▶ **What you need to do**
For this exercise, please transcribe exactly and only the lines from the one containing "Accueil > Archivage" through the end of the material, both ends included, without pictures.

▶ **Provided data**

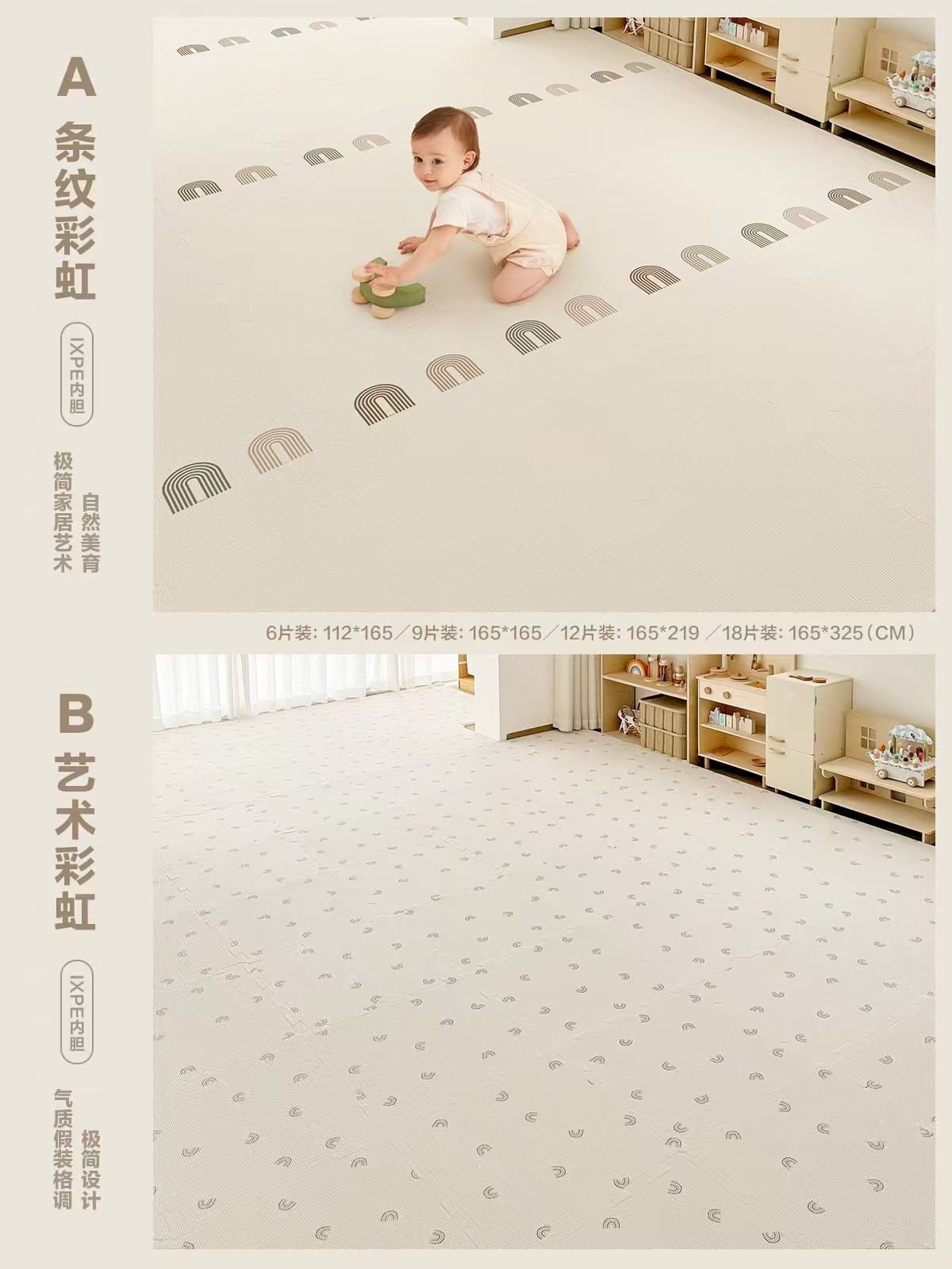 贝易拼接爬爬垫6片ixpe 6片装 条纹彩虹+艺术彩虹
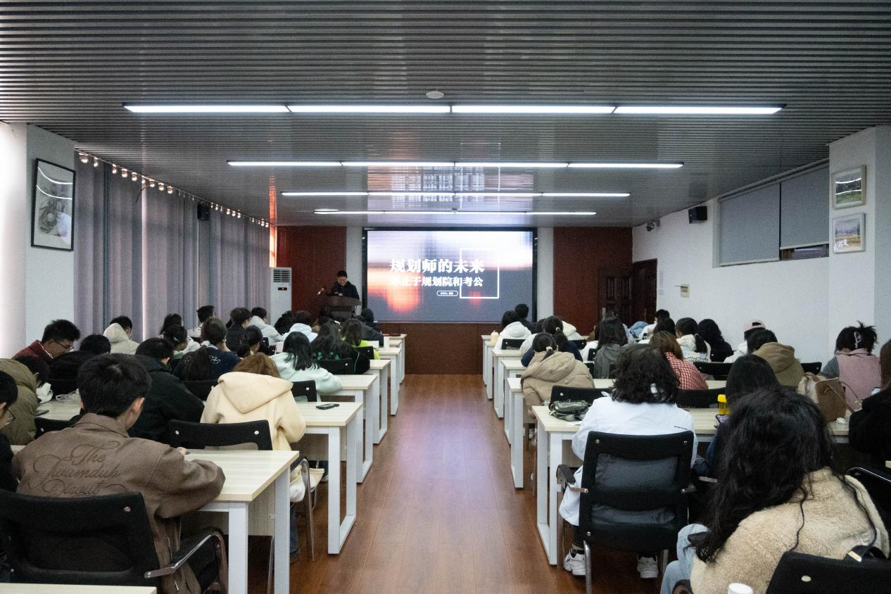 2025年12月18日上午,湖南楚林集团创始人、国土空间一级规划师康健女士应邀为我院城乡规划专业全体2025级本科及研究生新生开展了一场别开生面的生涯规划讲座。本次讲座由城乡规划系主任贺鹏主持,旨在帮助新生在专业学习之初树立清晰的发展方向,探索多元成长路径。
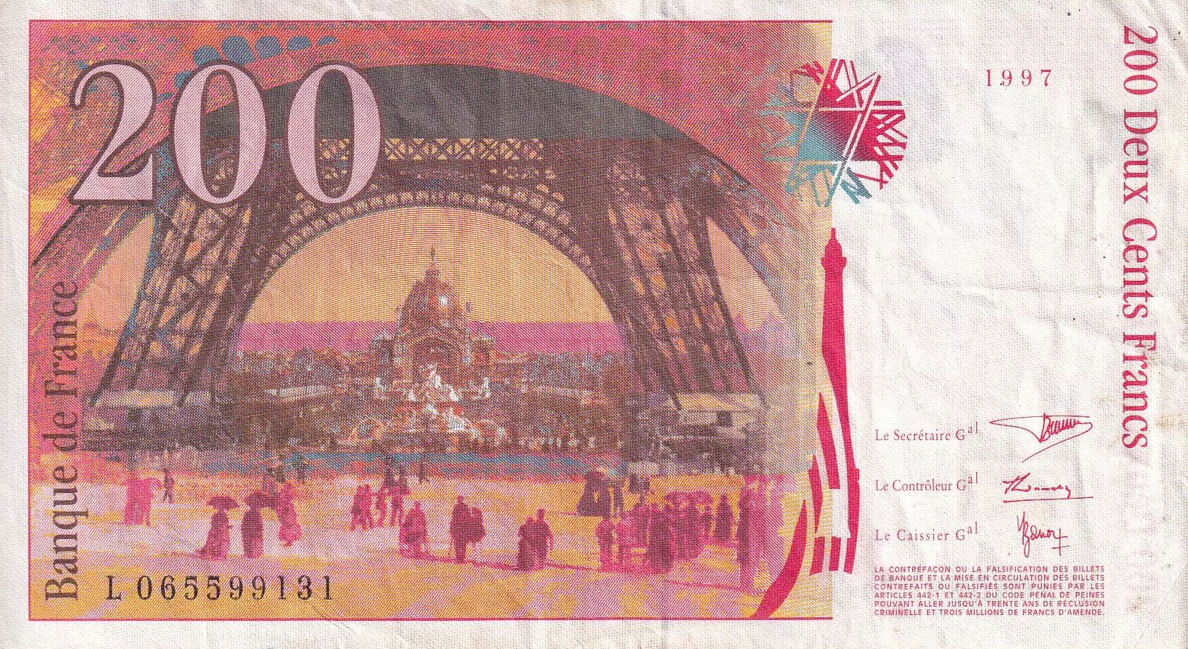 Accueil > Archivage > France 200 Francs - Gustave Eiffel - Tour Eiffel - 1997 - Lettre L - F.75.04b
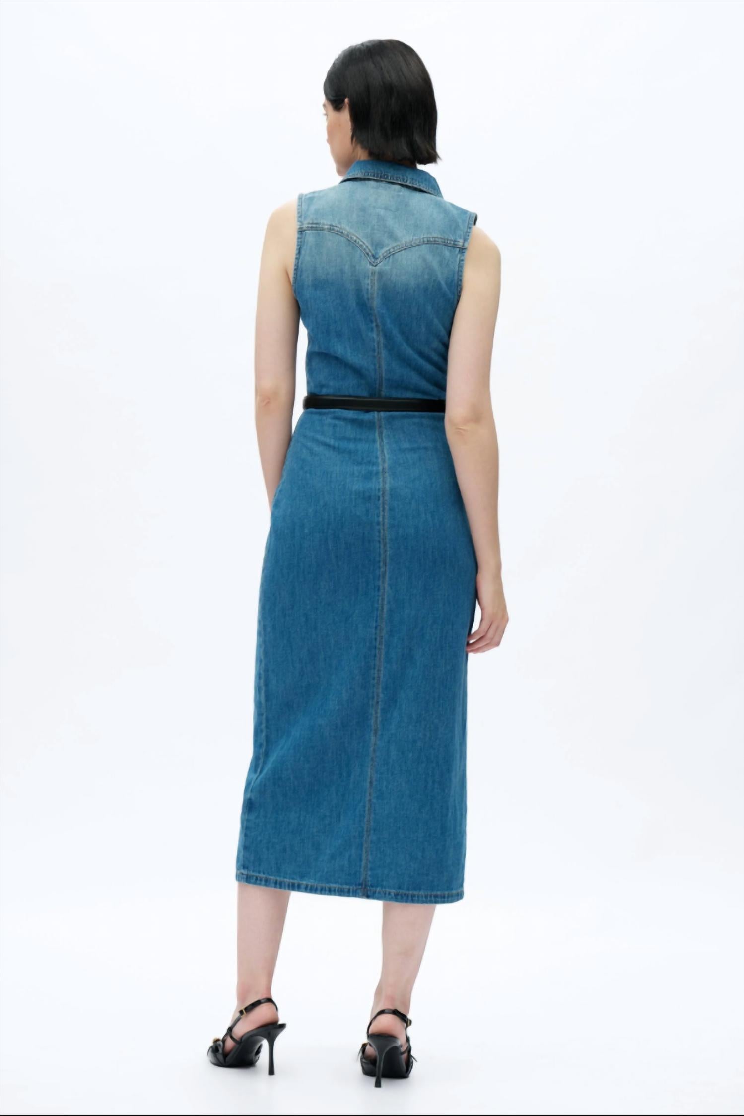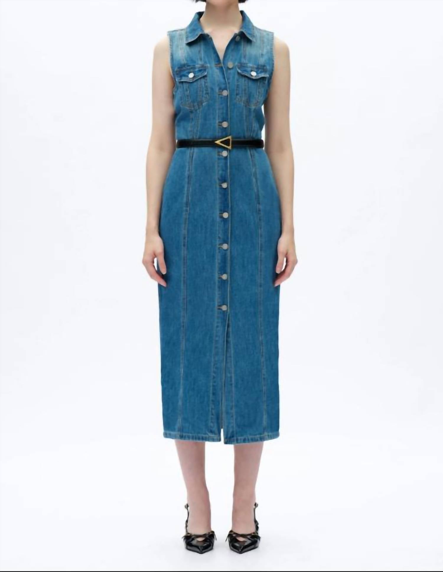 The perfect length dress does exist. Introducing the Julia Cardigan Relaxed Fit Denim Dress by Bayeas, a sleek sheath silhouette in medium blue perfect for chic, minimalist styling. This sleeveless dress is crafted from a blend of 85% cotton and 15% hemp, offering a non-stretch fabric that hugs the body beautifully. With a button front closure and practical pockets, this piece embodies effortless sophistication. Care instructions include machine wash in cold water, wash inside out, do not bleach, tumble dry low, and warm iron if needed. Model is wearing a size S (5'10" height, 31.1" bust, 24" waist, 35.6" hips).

▶ **Written response**
 Accueil > Archivage > France 200 Francs - Gustave Eiffel - Tour Eiffel - 1997 - Lettre L - F.75.04b
 The perfect length dress does exist. Introducing the Julia Cardigan Relaxed Fit Denim Dress by Bayeas, a sleek sheath silhouette in medium blue perfect for chic, minimalist styling. This sleeveless dress is crafted from a blend of 85% cotton and 15% hemp, offering a non-stretch fabric that hugs the body beautifully. With a button front closure and practical pockets, this piece embodies effortless sophistication. Care instructions include machine wash in cold water, wash inside out, do not bleach, tumble dry low, and warm iron if needed. Model is wearing a size S (5'10" height, 31.1" bust, 24" waist, 35.6" hips).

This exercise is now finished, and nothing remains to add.